[Data excerpts]

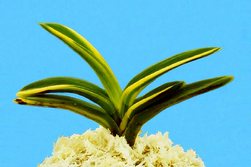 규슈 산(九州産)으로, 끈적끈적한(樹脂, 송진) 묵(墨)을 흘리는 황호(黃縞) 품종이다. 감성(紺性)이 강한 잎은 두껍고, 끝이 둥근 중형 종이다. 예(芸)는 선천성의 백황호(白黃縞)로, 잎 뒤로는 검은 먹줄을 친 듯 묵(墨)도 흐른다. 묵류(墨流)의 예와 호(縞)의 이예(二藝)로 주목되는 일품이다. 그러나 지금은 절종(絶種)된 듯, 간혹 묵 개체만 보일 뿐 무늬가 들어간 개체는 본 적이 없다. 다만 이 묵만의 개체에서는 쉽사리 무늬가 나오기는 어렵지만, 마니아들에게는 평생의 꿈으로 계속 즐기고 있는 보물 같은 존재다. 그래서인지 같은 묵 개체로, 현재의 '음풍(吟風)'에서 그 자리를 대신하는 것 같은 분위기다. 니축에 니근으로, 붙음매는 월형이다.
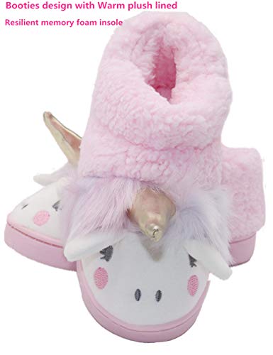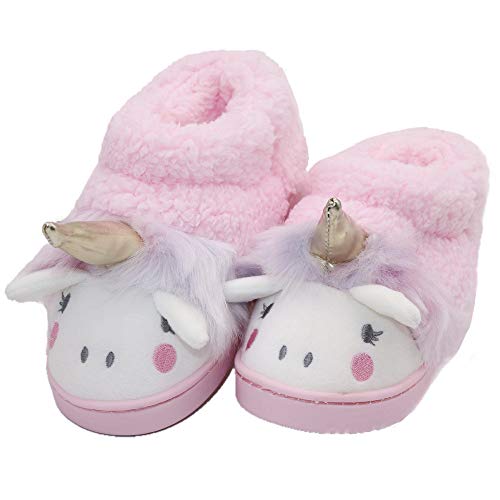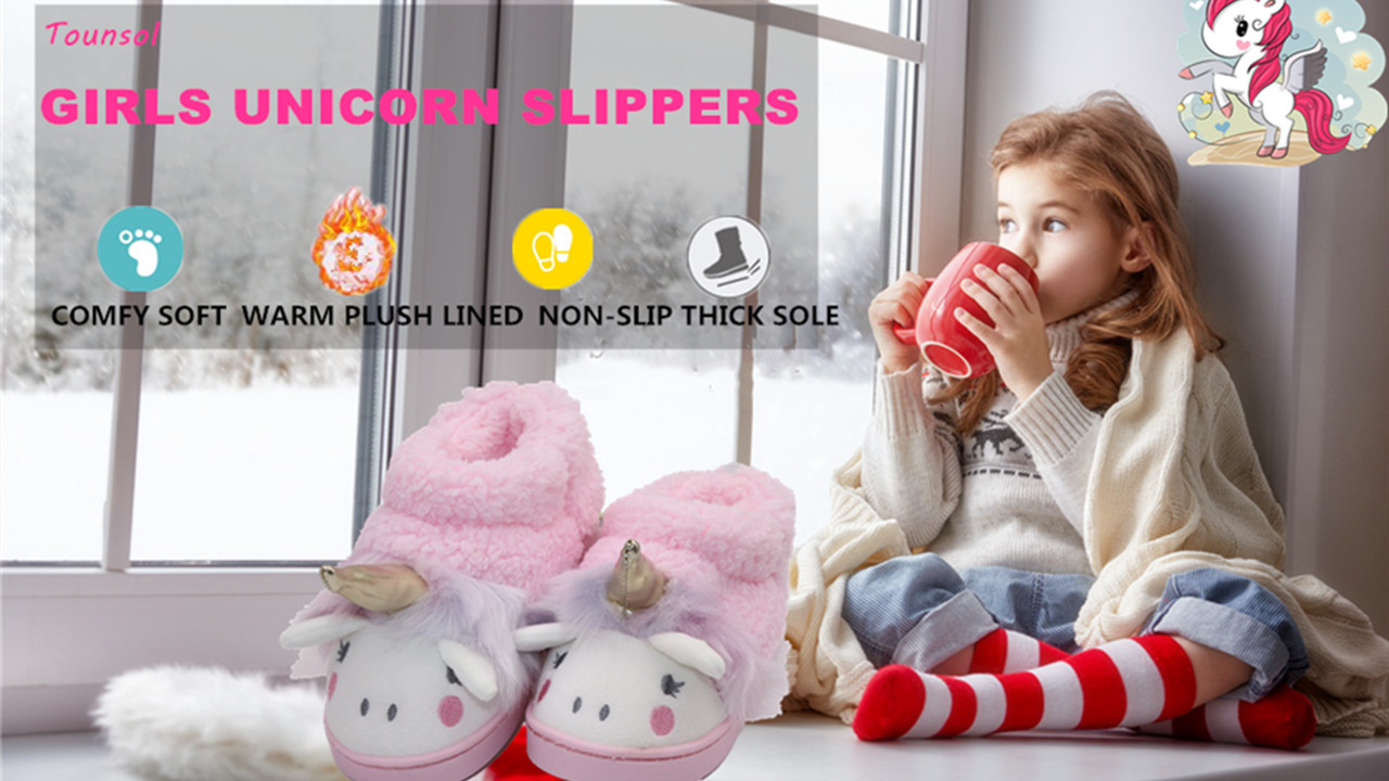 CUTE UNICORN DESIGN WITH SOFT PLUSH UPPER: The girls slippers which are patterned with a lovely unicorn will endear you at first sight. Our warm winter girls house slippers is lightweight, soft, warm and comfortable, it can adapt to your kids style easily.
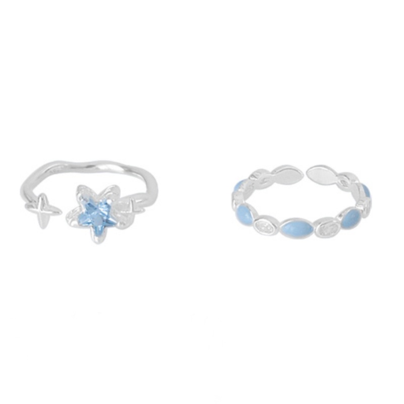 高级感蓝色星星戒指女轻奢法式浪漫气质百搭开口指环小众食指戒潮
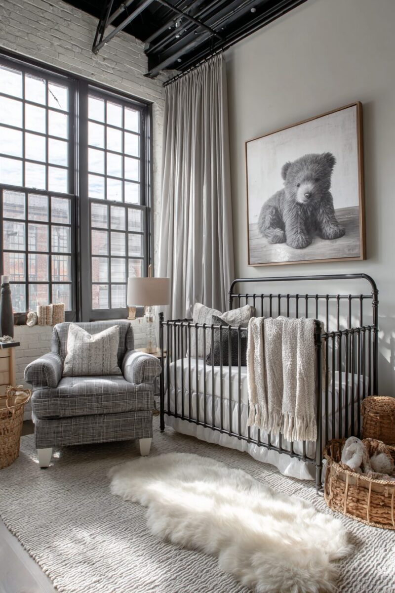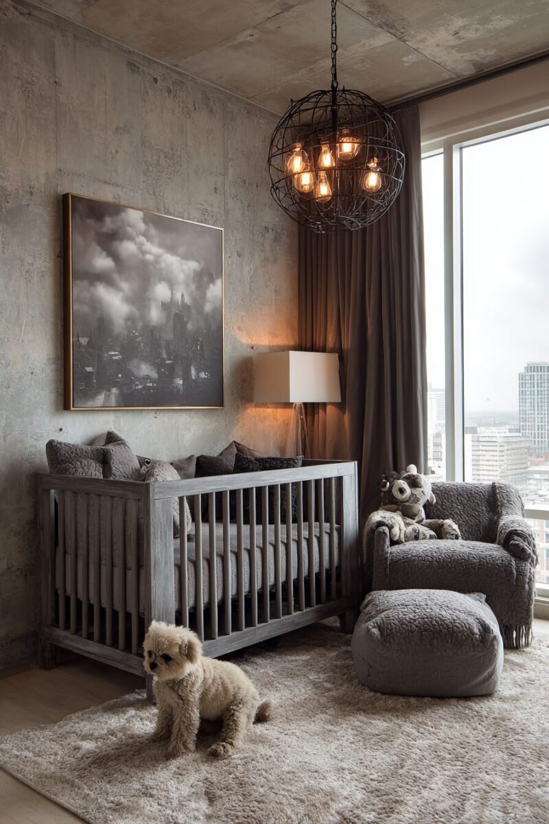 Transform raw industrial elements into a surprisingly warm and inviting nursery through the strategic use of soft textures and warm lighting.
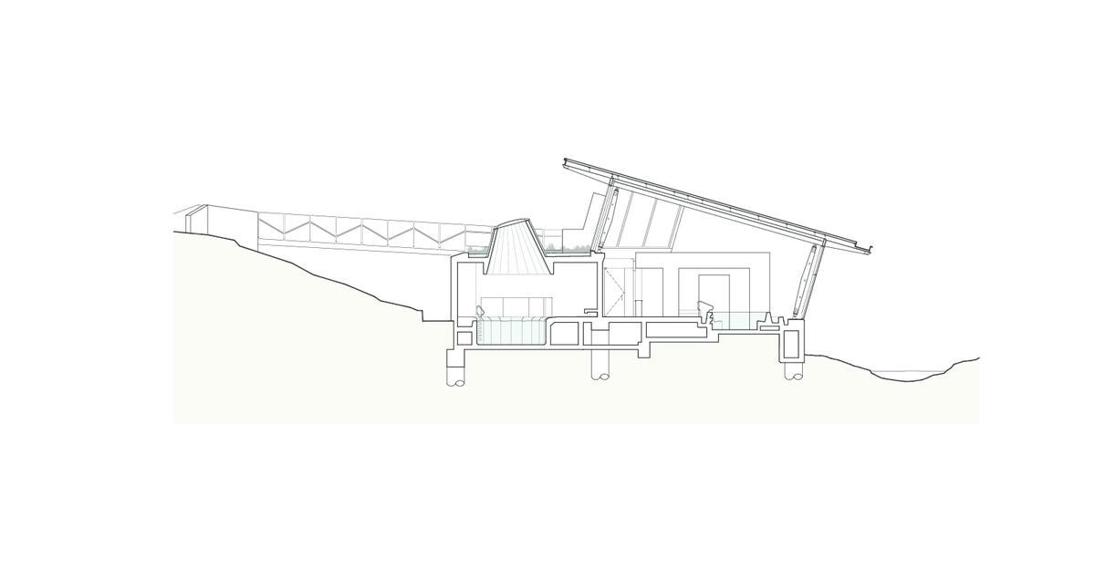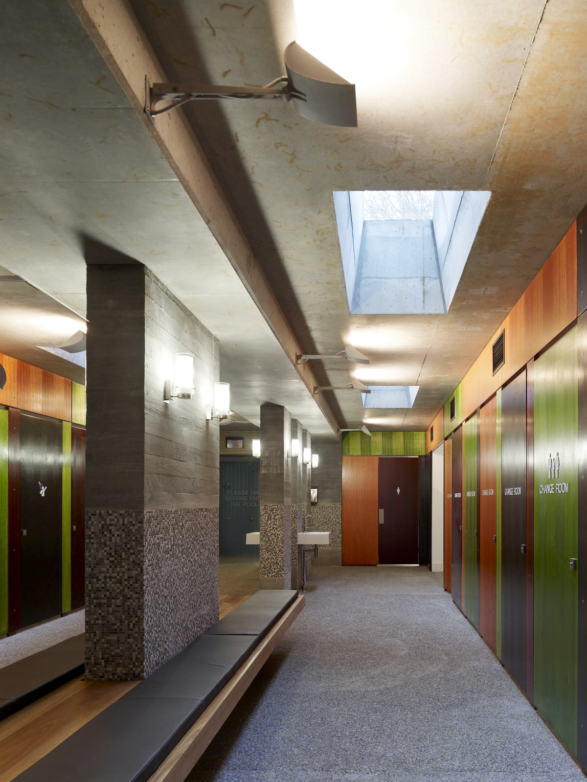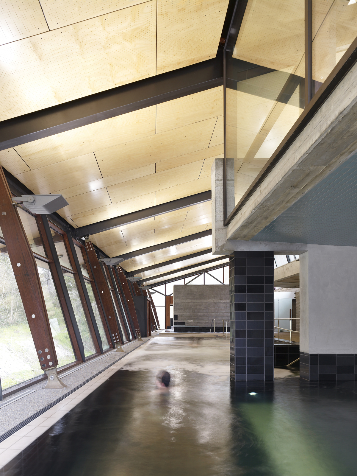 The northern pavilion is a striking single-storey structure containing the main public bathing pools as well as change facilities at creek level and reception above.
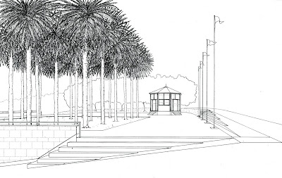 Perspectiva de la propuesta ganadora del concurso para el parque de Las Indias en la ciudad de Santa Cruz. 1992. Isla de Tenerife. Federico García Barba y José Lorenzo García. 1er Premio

_WORK REQUIRED:_ Find the line holding "高级感蓝色星星戒指女轻奢法式浪漫气质百搭开口指环小众食指戒潮" in the data above. Retype it and every later line exactly, through the end, but not the pictures.

_OUTPUT OF THE TASK:_
 高级感蓝色星星戒指女轻奢法式浪漫气质百搭开口指环小众食指戒潮
 Transform raw industrial elements into a surprisingly warm and inviting nursery through the strategic use of soft textures and warm lighting.
 The northern pavilion is a striking single-storey structure containing the main public bathing pools as well as change facilities at creek level and reception above.
 Perspectiva de la propuesta ganadora del concurso para el parque de Las Indias en la ciudad de Santa Cruz. 1992. Isla de Tenerife. Federico García Barba y José Lorenzo García. 1er Premio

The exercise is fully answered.